Just for the sake of this example, let us say that the base cloud image is the

jammy-server-cloudimg-amd64.img

When creating a new Libvirt (qemu/kvm) virtual machine, you can use this base image to start your VM instead of using an iso to install ubuntu 22.04 LTS. When choosing this image, then all changes will occur to that image and if you want to spawn another virtual machine, you need to (re)download it.

So instead of doing that, the best practice is to copy this image as base and start from a snapshot aka a baking file from that image. It is best because you can always quickly revert all your changes and (re)spawn the VM from the fresh/clean base image. Or you can always create another snapshot and revert if needed.

inspect images

To see how that works here is a local example from my linux machine.

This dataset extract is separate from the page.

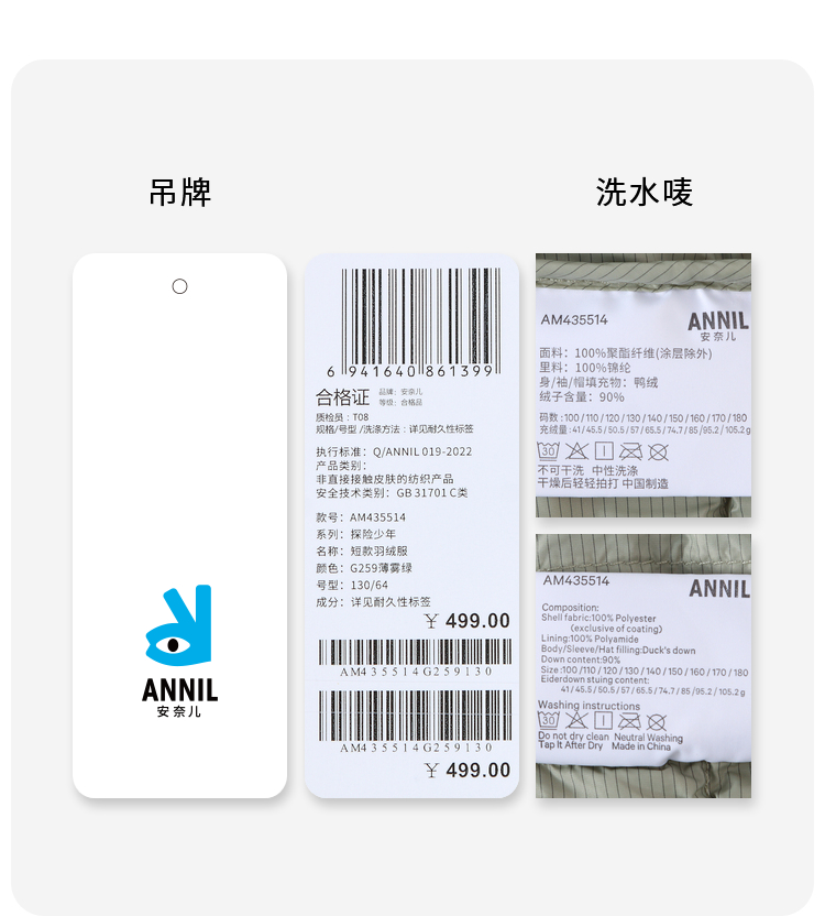 【轻薄5~15℃】男女童蓄热三防短款羽绒外套新款安奈儿童装实体店同款AM435514

qemu-img info /var/lib/libvirt/images/lEvXLA_tf-base.qcow2

image: /var/lib/libvirt/images/lEvXLA_tf-base.qcow2
file format: qcow2
virtual size: 2.2 GiB (2361393152 bytes)
disk size: 636 MiB
cluster_size: 65536
Format specific information:
    compat: 0.10
    compression type: zlib
    refcount bits: 16

the most important attributes to inspect are

virtual size: 2.2 GiB
disk size: 636 MiB

and the volume disk of my virtual machine

qemu-img info /var/lib/libvirt/images/lEvXLA_tf-vol.qcow2

image: /var/lib/libvirt/images/lEvXLA_tf-vol.qcow2
file format: qcow2
virtual size: 10 GiB (10737418240 bytes)
disk size: 1.6 GiB
cluster_size: 65536
backing file: /var/lib/libvirt/images/lEvXLA_tf-base.qcow2
backing file format: qcow2
Format specific information:
    compat: 0.10
    compression type: zlib
    refcount bits: 16

We see here

virtual size: 10 GiB
disk size: 1.6 GiB

cause I have extended the volume disk size to 10G from 2.2G , doing some updates and install some packages.

Now here is a problem.

I would like to use my own cloud image as base for some projects. It will help me speed things up and also do some common things I am usually doing in every setup.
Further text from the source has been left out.